- Data records -

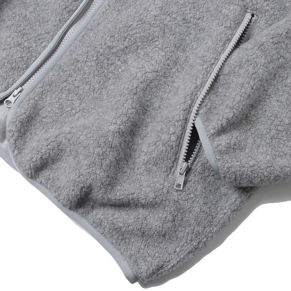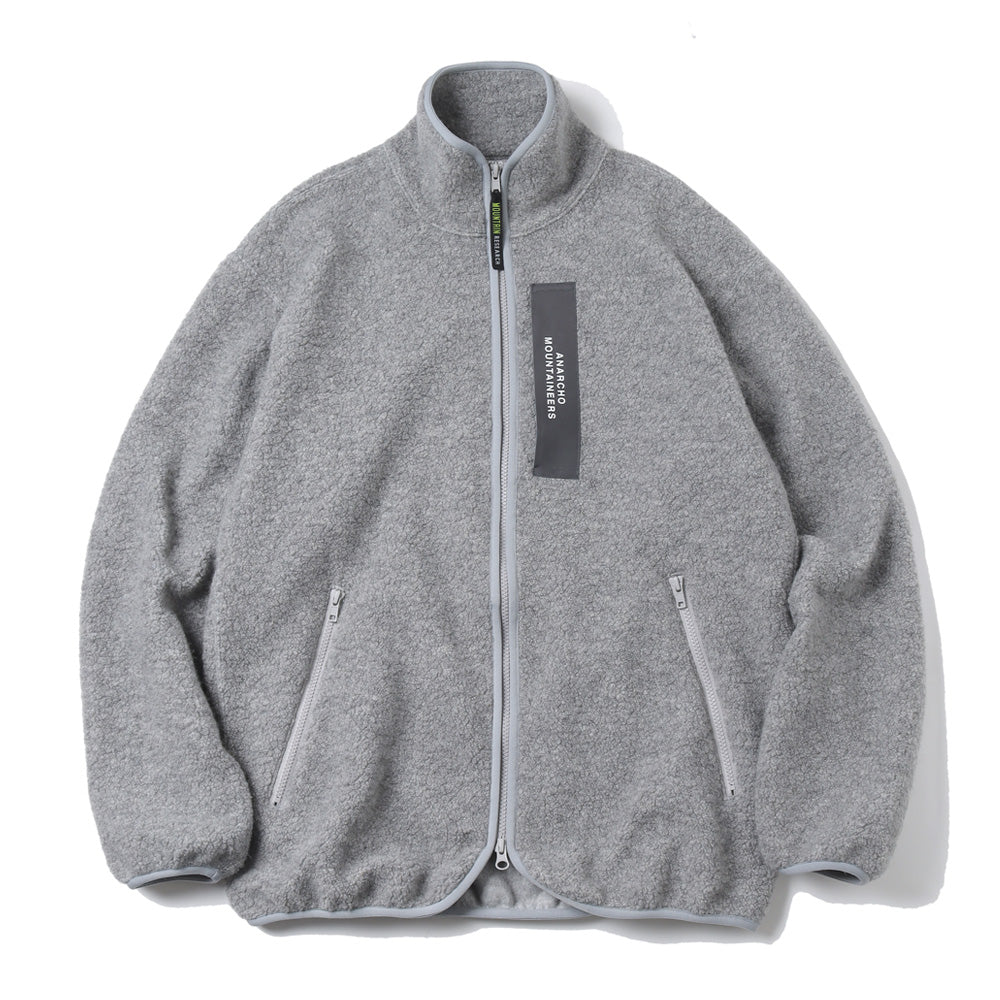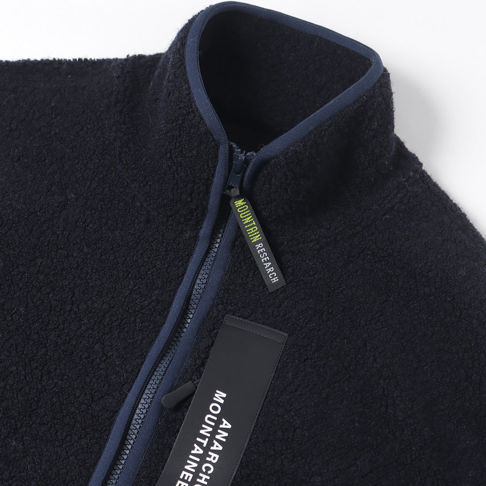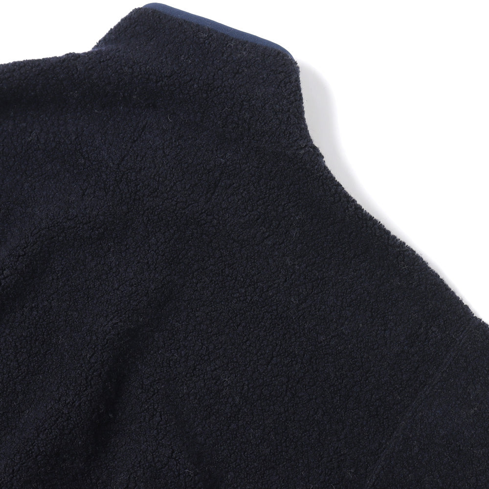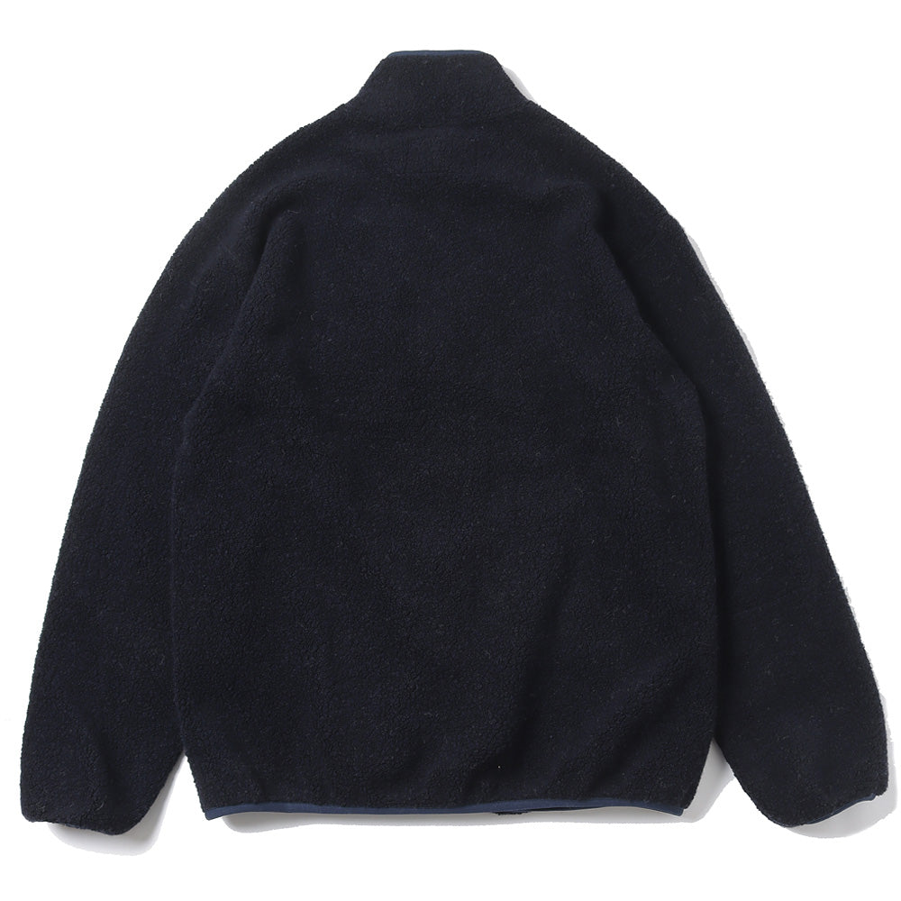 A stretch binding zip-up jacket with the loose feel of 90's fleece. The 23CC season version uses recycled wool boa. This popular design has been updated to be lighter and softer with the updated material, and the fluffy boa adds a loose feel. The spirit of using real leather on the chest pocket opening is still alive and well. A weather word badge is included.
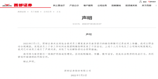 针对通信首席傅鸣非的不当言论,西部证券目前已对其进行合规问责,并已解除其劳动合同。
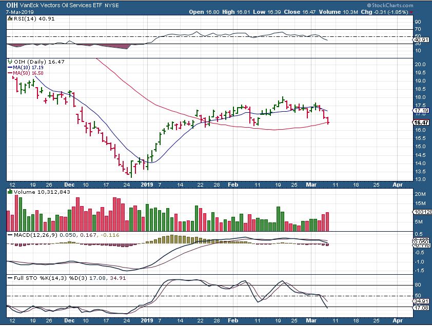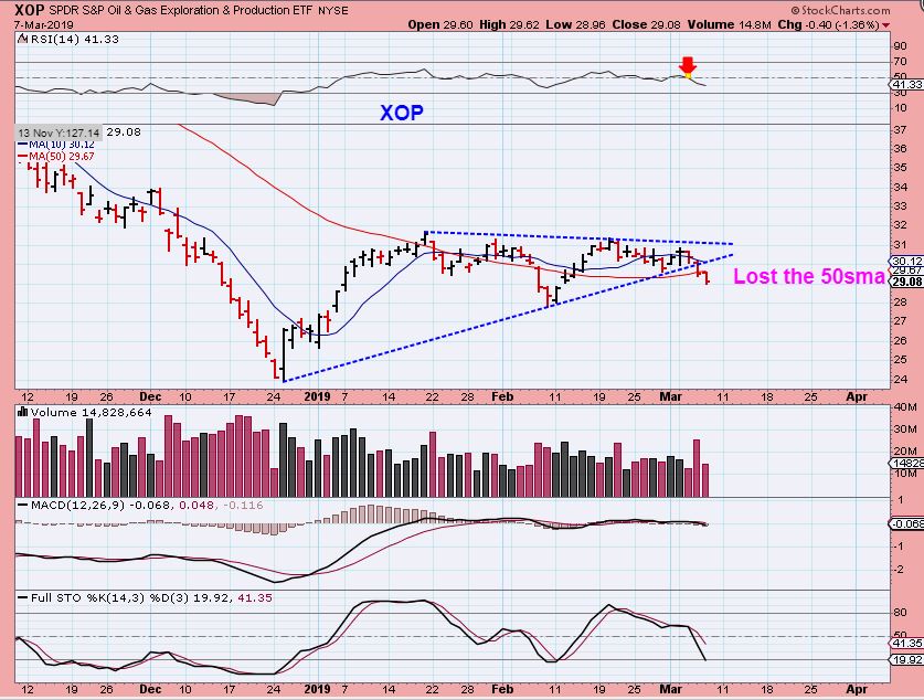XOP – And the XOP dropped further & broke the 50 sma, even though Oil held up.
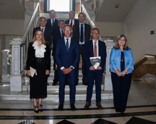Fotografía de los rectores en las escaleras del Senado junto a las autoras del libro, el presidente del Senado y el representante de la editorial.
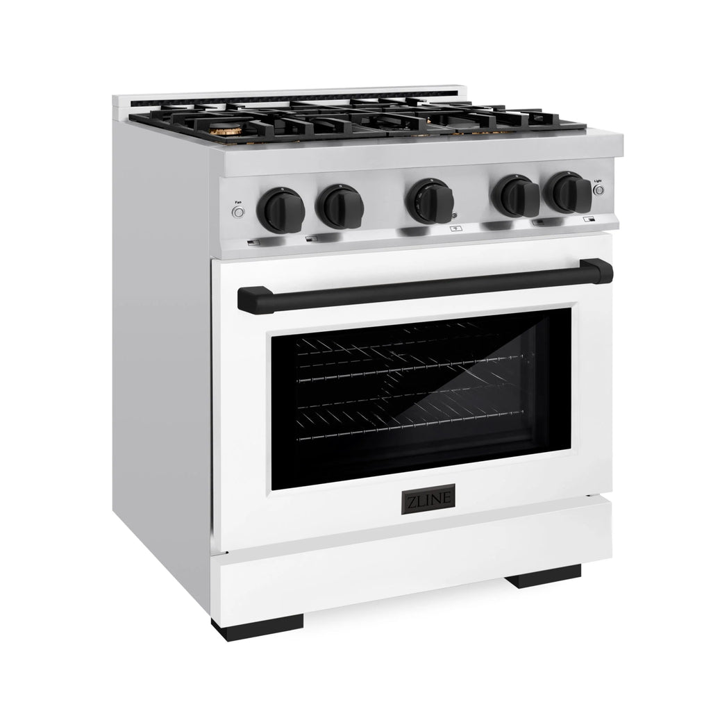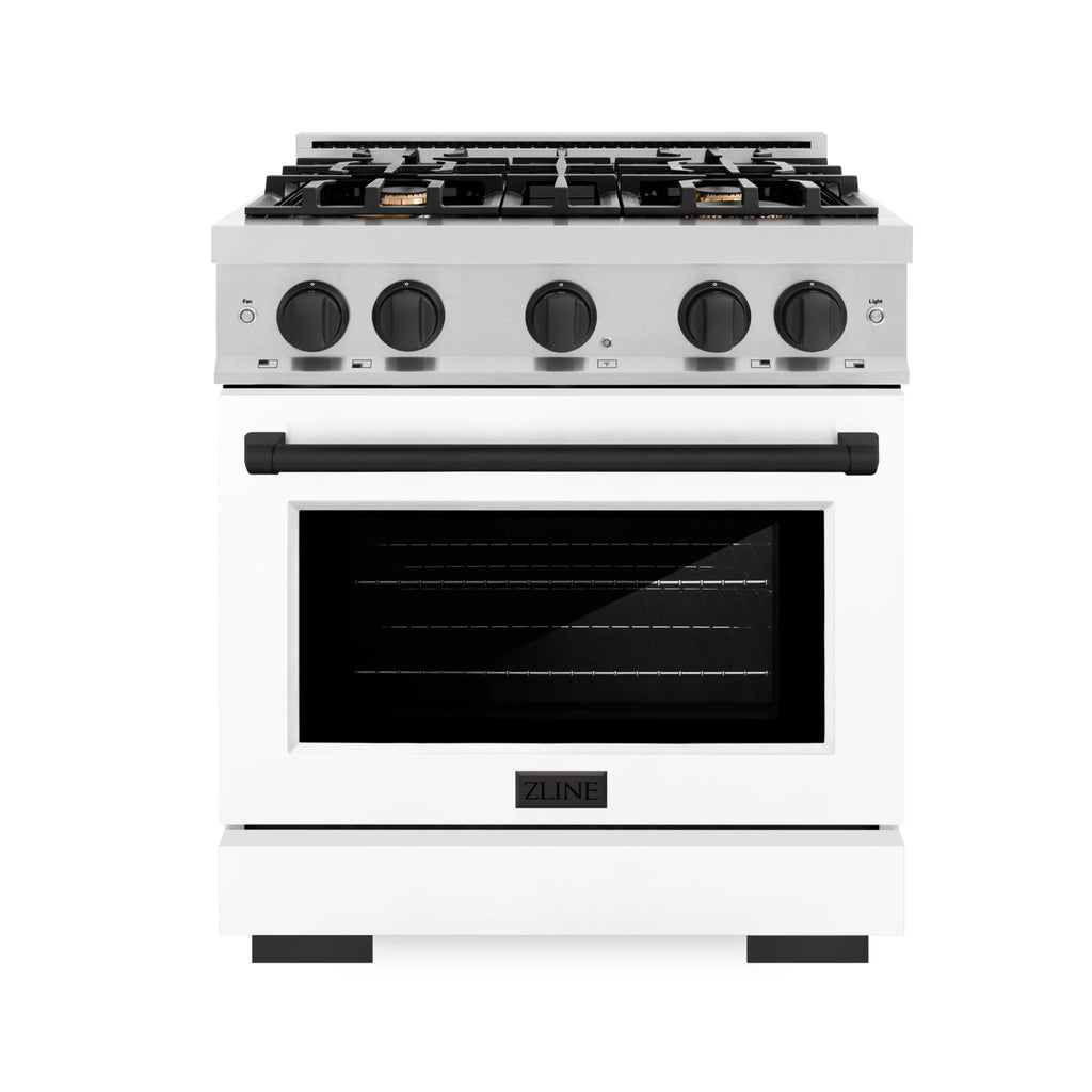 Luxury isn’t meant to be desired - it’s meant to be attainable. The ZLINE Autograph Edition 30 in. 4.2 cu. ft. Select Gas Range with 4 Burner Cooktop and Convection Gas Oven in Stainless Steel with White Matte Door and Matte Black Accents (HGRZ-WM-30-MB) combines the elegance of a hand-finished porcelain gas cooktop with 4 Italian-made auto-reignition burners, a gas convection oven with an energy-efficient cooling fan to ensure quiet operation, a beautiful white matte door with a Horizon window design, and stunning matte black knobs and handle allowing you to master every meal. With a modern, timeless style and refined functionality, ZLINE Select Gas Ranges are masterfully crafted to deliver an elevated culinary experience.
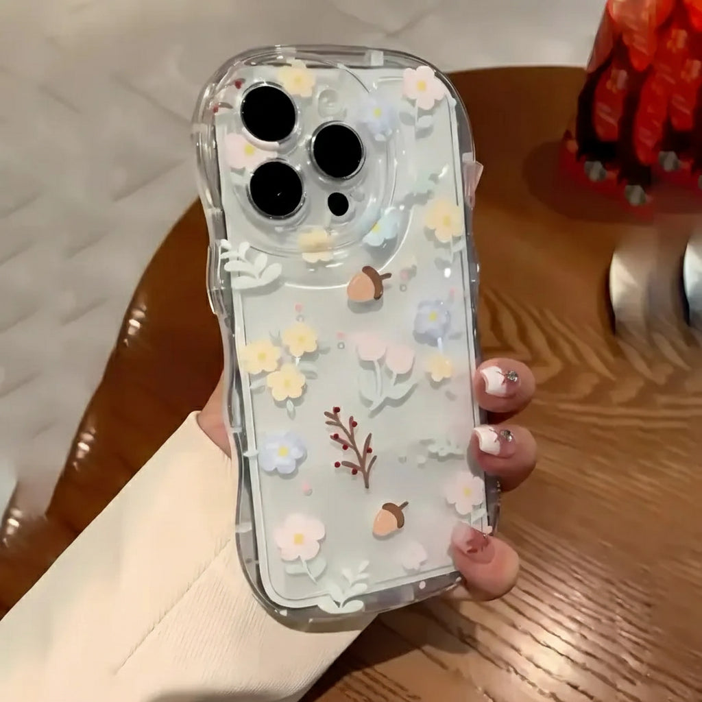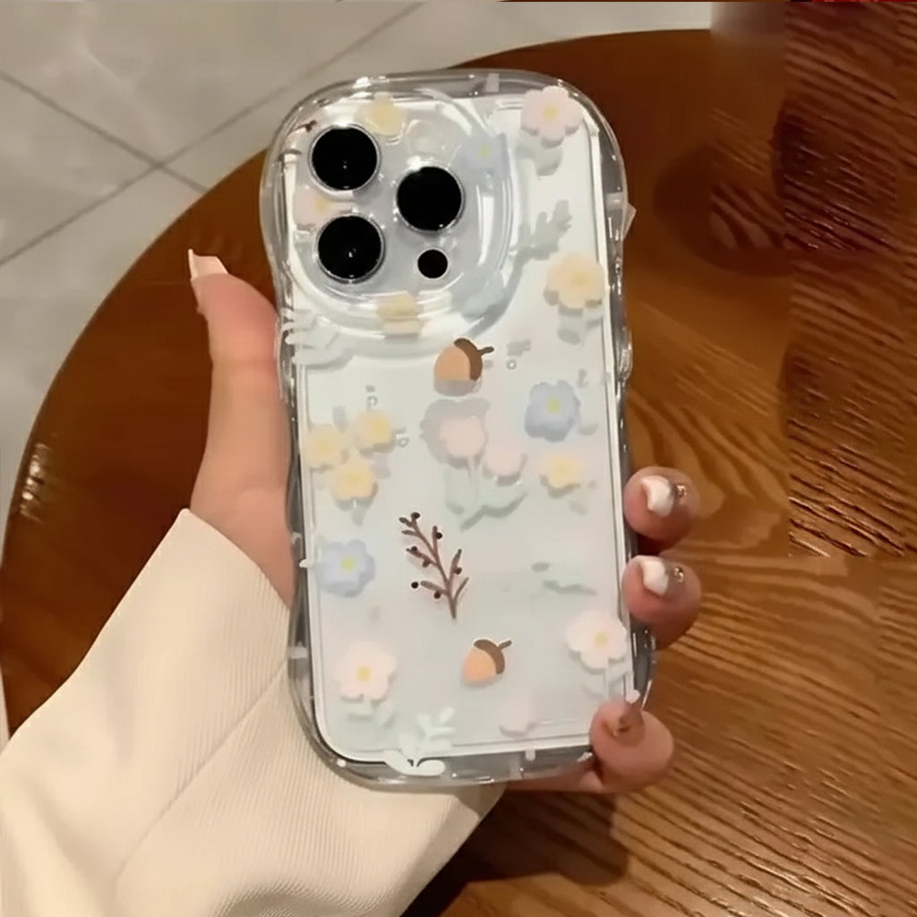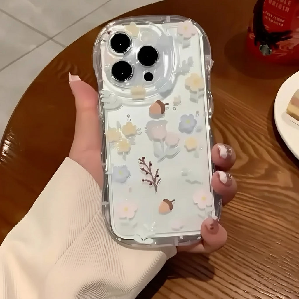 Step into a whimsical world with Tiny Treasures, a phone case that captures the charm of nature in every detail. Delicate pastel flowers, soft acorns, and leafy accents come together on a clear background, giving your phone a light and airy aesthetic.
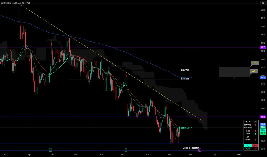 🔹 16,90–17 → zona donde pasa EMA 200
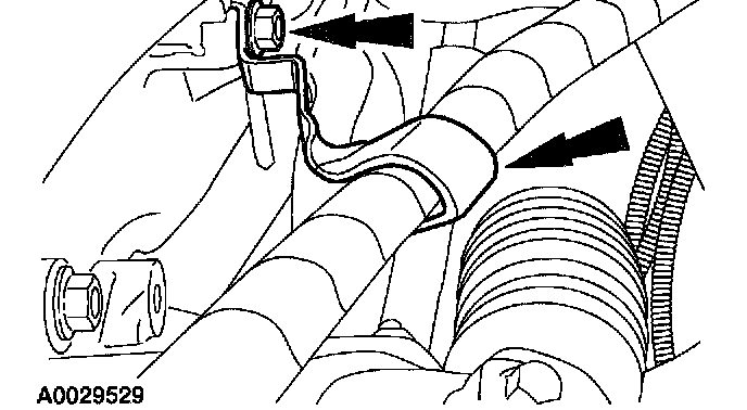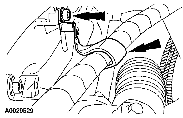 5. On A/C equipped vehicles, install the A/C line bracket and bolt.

- What you need to do -
Set down all the entries above verbatim, and include none of the pictures.

- Reply -
 A stretch binding zip-up jacket with the loose feel of 90's fleece. The 23CC season version uses recycled wool boa. This popular design has been updated to be lighter and softer with the updated material, and the fluffy boa adds a loose feel. The spirit of using real leather on the chest pocket opening is still alive and well. A weather word badge is included.
 针对通信首席傅鸣非的不当言论,西部证券目前已对其进行合规问责,并已解除其劳动合同。
XOP – And the XOP dropped further & broke the 50 sma, even though Oil held up.
Fotografía de los rectores en las escaleras del Senado junto a las autoras del libro, el presidente del Senado y el representante de la editorial.
 Luxury isn’t meant to be desired - it’s meant to be attainable. The ZLINE Autograph Edition 30 in. 4.2 cu. ft. Select Gas Range with 4 Burner Cooktop and Convection Gas Oven in Stainless Steel with White Matte Door and Matte Black Accents (HGRZ-WM-30-MB) combines the elegance of a hand-finished porcelain gas cooktop with 4 Italian-made auto-reignition burners, a gas convection oven with an energy-efficient cooling fan to ensure quiet operation, a beautiful white matte door with a Horizon window design, and stunning matte black knobs and handle allowing you to master every meal. With a modern, timeless style and refined functionality, ZLINE Select Gas Ranges are masterfully crafted to deliver an elevated culinary experience.
 Step into a whimsical world with Tiny Treasures, a phone case that captures the charm of nature in every detail. Delicate pastel flowers, soft acorns, and leafy accents come together on a clear background, giving your phone a light and airy aesthetic.
 🔹 16,90–17 → zona donde pasa EMA 200
 5. On A/C equipped vehicles, install the A/C line bracket and bolt.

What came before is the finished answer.